L'éducation
aux émotions
Pour gérer ses émotions, chaque individu.e puise dans des compétences qu’il.elle a développé.e.s au cours de sa socialisation comme la connaissance de soi, la capacité à nommer ses émotions, la confiance, ou l’empathie. Ces compétences ne sont pas les mêmes entre les filles et les garçons, en raison d’une socialisation aux émotions et aux sentiments différenciée.
Les garçons apprennent davantage à maîtriser leurs émotions, à les contenir, pour correspondre au stéréotype de l'homme fort et infaillible. Lorsque l’on demande à Kelyan, 6 ans quelles émotions il ressent le plus souvent, il nous répond : «Jamais triste, heureux des fois et en colère tout le temps».
Au contraire, on inculque aux filles une plus grande palette d'émotions et on attend d'elles une certaine sensibilité, fragilité, tout en masquant leur colère.
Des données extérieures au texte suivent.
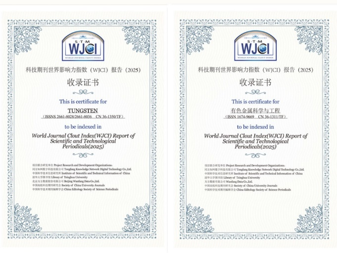 近日,《科技期刊世界影响力指数(WJCI)报告(2025版)》(简称《WJCI报告》)正式发布,这份由中国科学技术信息研究所、清华大学图书馆等六大权威机构联合研制的国际期刊评价报告,是全球科技期刊同台竞技的重要标尺。我校主办的《钨科技(英文)》《有色金属科学与工程》再度双双强势入选,且两刊排名、分区均实现跨越式提升,核心影响力再攀新高峰,彰显我校在相关优势学科领域的期刊办刊实力与学术话语权。
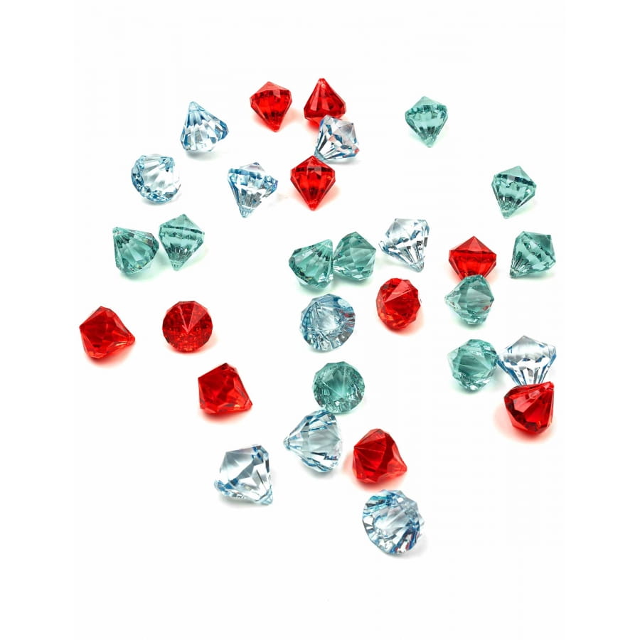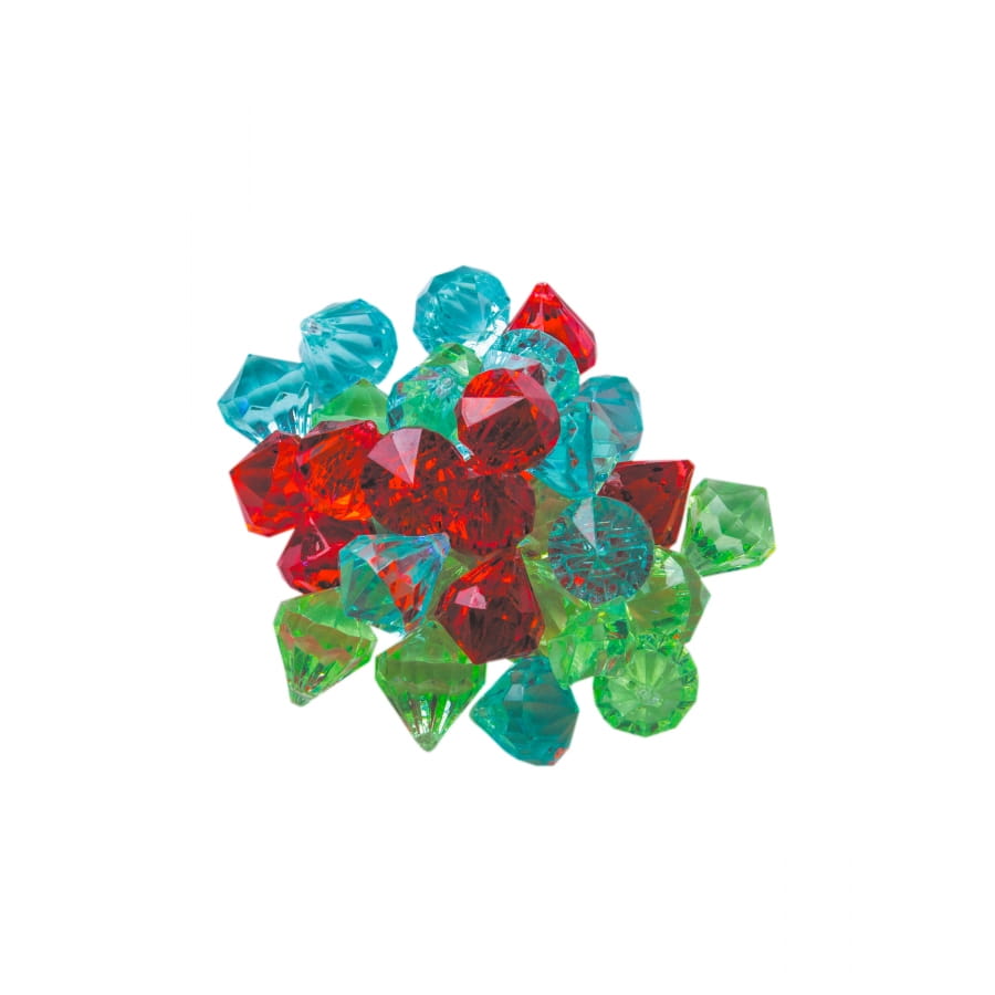 Les 30 fausses pierres précieuses de 3 cm sont en plastique.

On peut trouver un super podcast de Victoire Tuaillon de la série «Les couilles sur la table» qui traite de ce sujet.

Dans sa thèse sur l’enfance des sentiments : la construction et l’intériorisation des normes et représentations genrées et androcentrées de l’amour chez les enfants de 6 à 11 ans, Kevin Diter doctorant en sociologie, nous explique que les filles vont avoir une plus grande capacité à exprimer leur émotions car les adultes qui les entourent se soucient davantage de leur bien être sentimental.

Leurs jeux tournent beaucoup autour de l’amour et de l’amitié, comme dans les histoires qu’elles lisent et les vêtements qu’elles portent, souvent couverts d’inscriptions comme «I love you».
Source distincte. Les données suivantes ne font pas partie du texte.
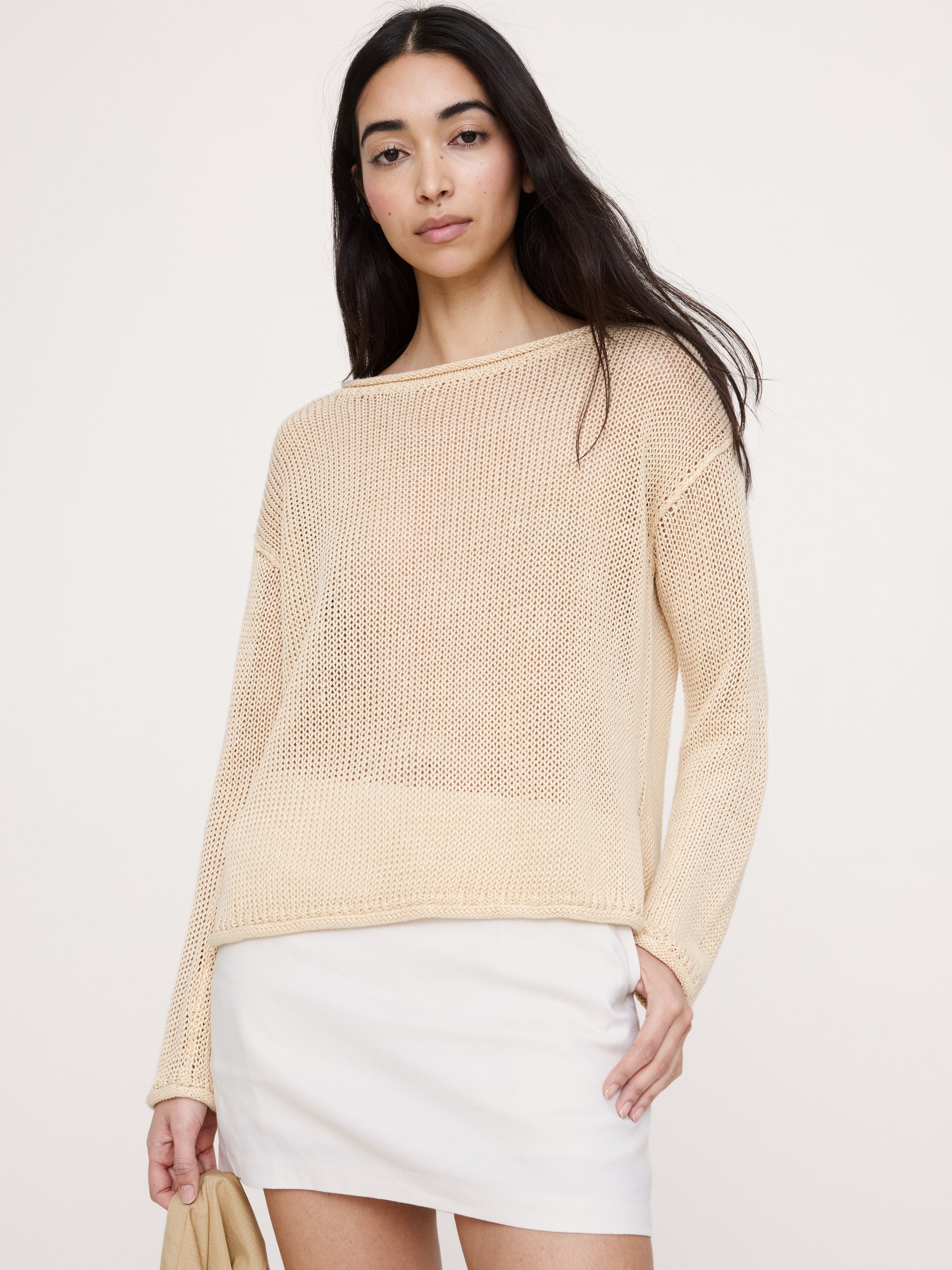 リネン Vネックセーター(22,000円)/ボートネック セーター(22,000円):しなやかで肌に馴染む上品な風合いが魅力のヨーロピアンリネンを採用。
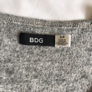 BDG Pullover Sweater Gray Heather Knit Long Sleeve V Neck Size S Hi Lo Pocket

C’est avec elles que professeur.e.s et animateur.rice.s discutent plus volontiers du sentiment amoureux. Au contraire, l’attention portée aux émotions et sentiments sera moins fréquente pour les garçons et les encadrants auront tendance à être moins empathiques avec eux. «Avec les garçons, ces conversations sont davantage teintées d’ironie», constate Kevin Diter. D’ailleurs, quand on interroge les garçons sur l’amour, ils disent plus fréquemment que c’est dégoûtant ou se montrent mal à l’aise.
Dans la fabrique des garçons, Sylvie Ayral, doctorante en sciences de l’éducation, nous explique qu’à l’école, les garçons subissent une double pression : on leur dit qu’il faut être obéissant, appliqué… Mais s’ils sont trop sages, leur camarades vont les traiter «d’intellos», de «gonzesses» ou même de «soumis». Implicitement, on s’attend à ce que les garçons soient indisciplinés, rebelles, fumistes. Cette pression exercée par les pairs est naturalisée par l’école : «les garçons sont naturellement plus turbulents, moins appliqués, etc.» entend-on régulièrement. Pour un garçon «la seule émotion qu’on va tolérer socialement, c’est la colère et les débordements qui vont avec».